TASK BRIEF
For the material below, set down exactly the lines between the one containing "Caballo mecedora de" and the last line, both included, leaving every picture out.

━━━ DATA SEGMENT

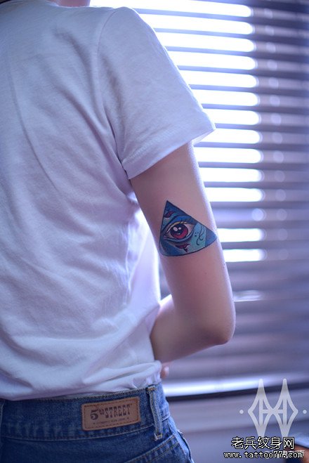 女生手臂一款时尚的彩色上帝之眼纹身图案
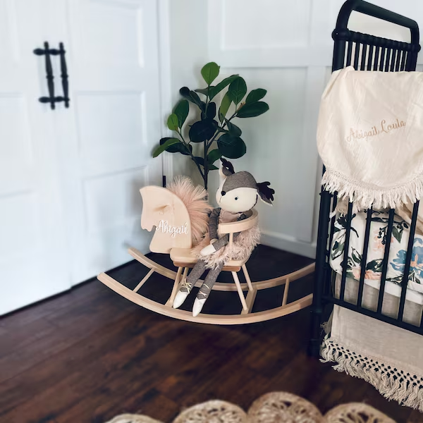 Caballo mecedora de madera Niños Caballo mecedora Juguetes infantiles hechos a mano de madera
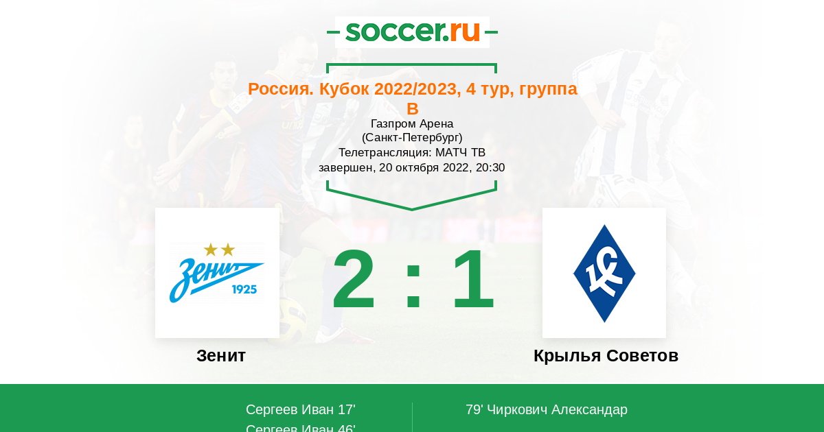 Обновлённый формат Кубка России в самом разгаре, сегодня в одном из 2-х матчей пришла очередь сыграть командам группы "B", питерский "Зенит" на своём поле принимает самарские "Крылья Советов". Ситуация в этой группе сложилась таким образом, что "Зенит" оказался в непростом положении и сегодня им необходимо побеждать. Сайт https://www.soccer.ru проведёт прямую текстовую онлайн трансляцию матча, следить за событиями на поле и комментировать игру для вас будет Старчеус Сергей.
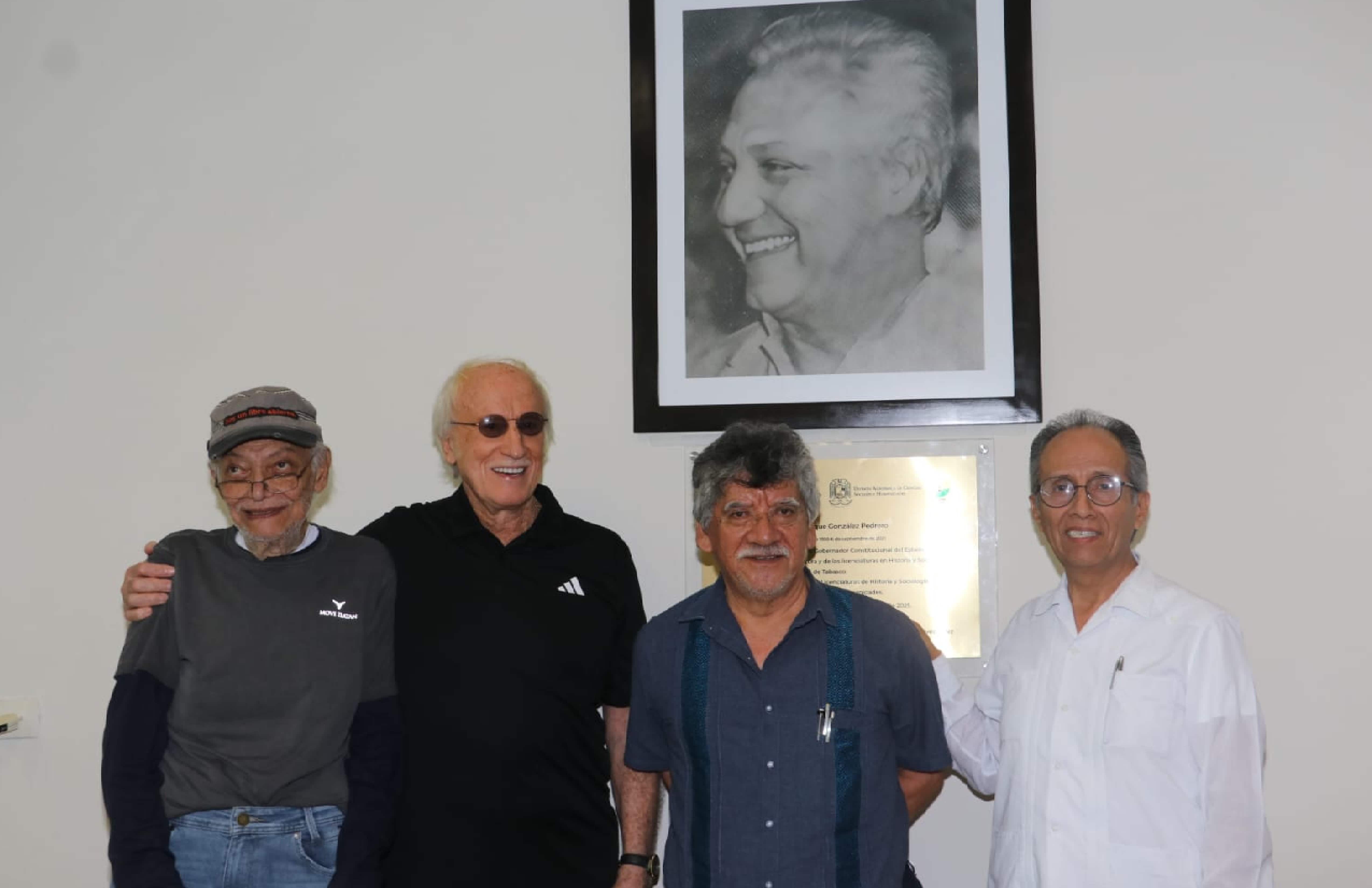 Autoridades de la Universidad Juárez Autónoma de Tabasco (UJAT), empresarios, diputados e invitados develaron la fotografía y placa del exgobernador, académico y escritor Enrique González Pedrero en la Sala de Usos Múltiples que lleva su nombre en la División Académica de Ciencias Sociales y Humanidades (DACSyH) de la máxima casa de estudios.

━━━━━━

EXERCISE SOLUTION
 Caballo mecedora de madera Niños Caballo mecedora Juguetes infantiles hechos a mano de madera
 Обновлённый формат Кубка России в самом разгаре, сегодня в одном из 2-х матчей пришла очередь сыграть командам группы "B", питерский "Зенит" на своём поле принимает самарские "Крылья Советов". Ситуация в этой группе сложилась таким образом, что "Зенит" оказался в непростом положении и сегодня им необходимо побеждать. Сайт https://www.soccer.ru проведёт прямую текстовую онлайн трансляцию матча, следить за событиями на поле и комментировать игру для вас будет Старчеус Сергей.
 Autoridades de la Universidad Juárez Autónoma de Tabasco (UJAT), empresarios, diputados e invitados develaron la fotografía y placa del exgobernador, académico y escritor Enrique González Pedrero en la Sala de Usos Múltiples que lleva su nombre en la División Académica de Ciencias Sociales y Humanidades (DACSyH) de la máxima casa de estudios.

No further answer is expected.